Fifty-seven percent of managers have had to fix or redo work from colleagues who relied too heavily on AI, according to a survey of more than 2,000 American workers. Only 38% of individual contributors faced the same burden. The percentage climbs further up the organizational chart: 63% of VPs and C-suite executives said they've had to rework AI-generated output that fell short of their standards.

The data comes from Founder Reports' 2026 AI in the Workplace report, conducted in April 2026. It reveals a gap between AI's promised speed gains and the actual cost of ensuring quality.

Why Managers Bear the Burden

Eighty-nine percent of survey respondents use AI tools for work. Sixty-one percent use them regularly-38% daily and 23% weekly. But speed comes with a tradeoff: spotty accuracy.

Managers own outcomes. When AI increases productivity and output, there's simply more work to review. Two factors compound the problem:

  • Spotting mistakes in AI output requires advanced expertise. Errors often look correct on the surface.
  • Forty-four percent of respondents say their company lacks a clear AI policy, or they're unsure one exists. Without guidance, workers make assumptions about how to use these tools.

Kirill Meshyk, head of AI data collection at Unidata, explained the nature of AI errors: "The most typical AI error we encounter is when it produces something correct-looking but false. It's well-formatted and sounds plausible, but the reviewer will only realize it is wrong when looking into details."

Riken Shah, founder and CEO of OSP, a healthcare technology firm, described how his review work has shifted. "I spend less time checking for completeness and more time interrogating the reasoning," he said. "Was the output validated? Did the person using the tool apply domain knowledge, or did they accept the model's framing wholesale?"

Adoption Is Outpacing Governance

McKinsey's 2025 Superagency in the Workplace report found that 92% of companies plan to increase AI investments over the next three years. Yet only 1% of business leaders call their company "mature" in AI deployment.

Companies are moving faster at adopting AI than at building systems to manage it. The cost falls on managers responsible for reviewing the work.

Teresa Tran, COO of LaGrande Marketing, addressed this directly. "The best thing I did was write down exactly what a finished piece of work looks like before anyone on my team uses AI to produce it," she said. Her solution: a one-page submission standard with specific requirements. "Managers who skip that step end up doing the hard work twice, once when they review and again when they send it back for a full rewrite."

Executive coach Louise Spinks sees a predictable pattern. "If the policy's too vague, people just make it up as they go," she said. Without clear direction, workers guess at expectations.

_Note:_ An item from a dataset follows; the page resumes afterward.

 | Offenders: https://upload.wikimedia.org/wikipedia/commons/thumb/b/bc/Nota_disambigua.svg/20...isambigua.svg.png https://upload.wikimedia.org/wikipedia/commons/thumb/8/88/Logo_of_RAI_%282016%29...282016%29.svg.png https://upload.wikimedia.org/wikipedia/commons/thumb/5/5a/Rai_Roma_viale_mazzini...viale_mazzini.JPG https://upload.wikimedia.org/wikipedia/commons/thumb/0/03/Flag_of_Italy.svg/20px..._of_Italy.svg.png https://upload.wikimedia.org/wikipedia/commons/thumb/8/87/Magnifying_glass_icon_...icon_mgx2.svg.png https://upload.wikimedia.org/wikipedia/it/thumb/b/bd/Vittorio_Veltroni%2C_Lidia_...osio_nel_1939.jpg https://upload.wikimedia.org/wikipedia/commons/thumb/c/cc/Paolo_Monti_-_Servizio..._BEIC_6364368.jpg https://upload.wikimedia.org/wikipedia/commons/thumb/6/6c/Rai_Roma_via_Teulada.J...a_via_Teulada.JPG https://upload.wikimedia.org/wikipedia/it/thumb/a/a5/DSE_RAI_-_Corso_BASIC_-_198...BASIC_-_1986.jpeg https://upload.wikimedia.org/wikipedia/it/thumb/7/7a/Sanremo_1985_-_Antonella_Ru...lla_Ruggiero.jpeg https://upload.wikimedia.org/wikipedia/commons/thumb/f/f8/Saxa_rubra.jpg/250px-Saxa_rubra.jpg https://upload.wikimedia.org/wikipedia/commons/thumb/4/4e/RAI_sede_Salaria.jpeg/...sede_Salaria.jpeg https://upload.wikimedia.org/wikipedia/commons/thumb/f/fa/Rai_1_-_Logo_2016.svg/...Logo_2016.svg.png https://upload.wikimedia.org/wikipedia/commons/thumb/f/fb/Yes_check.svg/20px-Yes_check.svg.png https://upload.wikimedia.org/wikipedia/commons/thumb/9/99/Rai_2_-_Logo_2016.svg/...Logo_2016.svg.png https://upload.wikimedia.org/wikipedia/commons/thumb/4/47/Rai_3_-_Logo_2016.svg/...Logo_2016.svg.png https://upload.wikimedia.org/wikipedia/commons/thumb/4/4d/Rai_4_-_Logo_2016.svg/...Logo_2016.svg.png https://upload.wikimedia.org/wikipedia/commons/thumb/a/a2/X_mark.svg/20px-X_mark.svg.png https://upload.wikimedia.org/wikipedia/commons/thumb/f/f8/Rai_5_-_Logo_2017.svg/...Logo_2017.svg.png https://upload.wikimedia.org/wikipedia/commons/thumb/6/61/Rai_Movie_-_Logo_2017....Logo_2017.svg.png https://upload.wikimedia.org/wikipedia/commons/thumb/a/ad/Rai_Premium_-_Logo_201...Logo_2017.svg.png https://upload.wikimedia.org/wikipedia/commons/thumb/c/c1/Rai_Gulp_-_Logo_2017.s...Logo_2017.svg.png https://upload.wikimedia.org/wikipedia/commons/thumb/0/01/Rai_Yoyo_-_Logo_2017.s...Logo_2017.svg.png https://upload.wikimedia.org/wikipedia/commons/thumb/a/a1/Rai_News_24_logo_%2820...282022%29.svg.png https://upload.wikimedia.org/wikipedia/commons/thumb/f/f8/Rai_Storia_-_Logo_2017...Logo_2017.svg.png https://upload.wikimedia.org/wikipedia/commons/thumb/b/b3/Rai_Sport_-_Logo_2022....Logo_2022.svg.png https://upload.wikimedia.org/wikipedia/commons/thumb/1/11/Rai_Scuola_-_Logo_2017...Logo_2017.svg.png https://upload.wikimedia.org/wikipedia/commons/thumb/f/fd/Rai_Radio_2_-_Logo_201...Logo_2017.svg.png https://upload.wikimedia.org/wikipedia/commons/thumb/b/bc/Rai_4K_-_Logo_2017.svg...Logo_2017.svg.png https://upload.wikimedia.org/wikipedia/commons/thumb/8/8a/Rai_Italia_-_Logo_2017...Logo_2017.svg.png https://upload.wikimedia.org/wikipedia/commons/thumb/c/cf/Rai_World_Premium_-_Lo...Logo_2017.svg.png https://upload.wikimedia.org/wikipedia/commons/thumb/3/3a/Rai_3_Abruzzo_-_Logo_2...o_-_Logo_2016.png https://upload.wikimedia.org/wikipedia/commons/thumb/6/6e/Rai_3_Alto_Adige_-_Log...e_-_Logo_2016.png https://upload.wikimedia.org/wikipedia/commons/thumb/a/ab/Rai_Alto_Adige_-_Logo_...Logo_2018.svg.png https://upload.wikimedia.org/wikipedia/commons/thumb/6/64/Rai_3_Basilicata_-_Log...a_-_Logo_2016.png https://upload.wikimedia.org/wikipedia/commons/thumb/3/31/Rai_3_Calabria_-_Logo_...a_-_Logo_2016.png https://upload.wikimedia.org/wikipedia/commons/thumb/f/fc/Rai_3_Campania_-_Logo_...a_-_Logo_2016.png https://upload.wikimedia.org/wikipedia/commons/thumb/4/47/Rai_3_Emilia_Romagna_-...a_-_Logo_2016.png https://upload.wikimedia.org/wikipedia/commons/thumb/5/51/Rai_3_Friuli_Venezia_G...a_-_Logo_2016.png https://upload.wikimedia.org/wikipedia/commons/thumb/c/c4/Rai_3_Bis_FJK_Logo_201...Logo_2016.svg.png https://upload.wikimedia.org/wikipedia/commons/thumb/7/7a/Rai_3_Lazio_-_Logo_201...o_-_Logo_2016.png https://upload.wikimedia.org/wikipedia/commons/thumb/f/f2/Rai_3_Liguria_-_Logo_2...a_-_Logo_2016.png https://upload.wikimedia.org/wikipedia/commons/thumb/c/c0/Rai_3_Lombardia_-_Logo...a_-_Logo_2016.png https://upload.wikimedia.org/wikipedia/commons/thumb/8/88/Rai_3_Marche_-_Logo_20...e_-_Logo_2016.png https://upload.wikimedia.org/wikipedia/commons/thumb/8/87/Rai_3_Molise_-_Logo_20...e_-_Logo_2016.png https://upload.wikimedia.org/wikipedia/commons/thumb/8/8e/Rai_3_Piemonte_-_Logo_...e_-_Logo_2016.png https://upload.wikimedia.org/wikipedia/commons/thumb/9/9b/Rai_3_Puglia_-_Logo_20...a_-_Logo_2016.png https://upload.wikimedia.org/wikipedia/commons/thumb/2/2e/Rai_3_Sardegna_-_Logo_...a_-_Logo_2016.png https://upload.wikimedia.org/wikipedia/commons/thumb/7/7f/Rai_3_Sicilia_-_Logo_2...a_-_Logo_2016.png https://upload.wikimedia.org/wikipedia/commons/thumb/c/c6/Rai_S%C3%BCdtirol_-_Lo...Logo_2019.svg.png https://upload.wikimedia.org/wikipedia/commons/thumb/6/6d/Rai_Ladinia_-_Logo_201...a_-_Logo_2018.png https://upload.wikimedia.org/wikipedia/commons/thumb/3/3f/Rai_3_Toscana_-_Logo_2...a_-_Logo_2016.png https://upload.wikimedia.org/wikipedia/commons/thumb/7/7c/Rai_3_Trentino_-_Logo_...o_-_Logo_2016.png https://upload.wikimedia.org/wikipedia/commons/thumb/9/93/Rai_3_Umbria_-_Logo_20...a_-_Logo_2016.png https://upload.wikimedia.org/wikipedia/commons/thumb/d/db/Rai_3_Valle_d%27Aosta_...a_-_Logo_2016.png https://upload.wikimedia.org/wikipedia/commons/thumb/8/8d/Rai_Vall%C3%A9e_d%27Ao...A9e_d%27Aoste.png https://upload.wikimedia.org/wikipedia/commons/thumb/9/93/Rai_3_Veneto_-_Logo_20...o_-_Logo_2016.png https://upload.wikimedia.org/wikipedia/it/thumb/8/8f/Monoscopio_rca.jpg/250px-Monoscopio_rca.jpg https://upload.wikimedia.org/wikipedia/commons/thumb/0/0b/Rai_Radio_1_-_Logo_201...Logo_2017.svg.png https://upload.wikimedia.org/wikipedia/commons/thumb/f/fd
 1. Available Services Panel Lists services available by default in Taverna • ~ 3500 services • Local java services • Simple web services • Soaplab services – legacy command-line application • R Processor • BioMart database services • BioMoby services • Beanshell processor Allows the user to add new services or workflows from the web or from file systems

Their assumptions don't match what managers expect. The result: more careful review, more revisions.

Verification Is Inconsistent

Even when AI output meets expectations, reviewing it takes more time. Seventy-seven percent of survey respondents said they review AI-assisted work more carefully than fully human work. Thirty-six percent said they review it "much more carefully."

Yet many don't thoroughly verify facts. A Clear Spark Digital survey found that only 17% always verify AI-generated information. Less than half (46%) ever check the sources AI tools provide.

Aimen Hallou, chief technology officer at Floxy, explained why: "Unlike a human, AI tools will not hesitate. They always state their answers as definitively as possible. To successfully review AI output, people need to possess even greater expertise in the relevant topic."

With details going unchecked by those using the tools and significant expertise needed to spot mistakes, review work concentrates at the management level.

Building Better Policies

Experts point to clarity as the foundation of effective AI governance. Hallou said an effective policy must "explicitly state which data may and may not be fed into an AI tool." Shah added that requirements must be clear about where human verification is needed and who owns the final product.

But policy alone isn't enough. Spinks stressed that training matters equally. "One can't assume people understand hallucinations, bias, data leakage or the difference between using AI as a drafting tool versus using it as a decision-making authority," she said.

Without training, responsibility for catching errors continues to flow upward. Meshyk put it plainly: "AI doesn't remove your professional responsibility for what is done by the machine."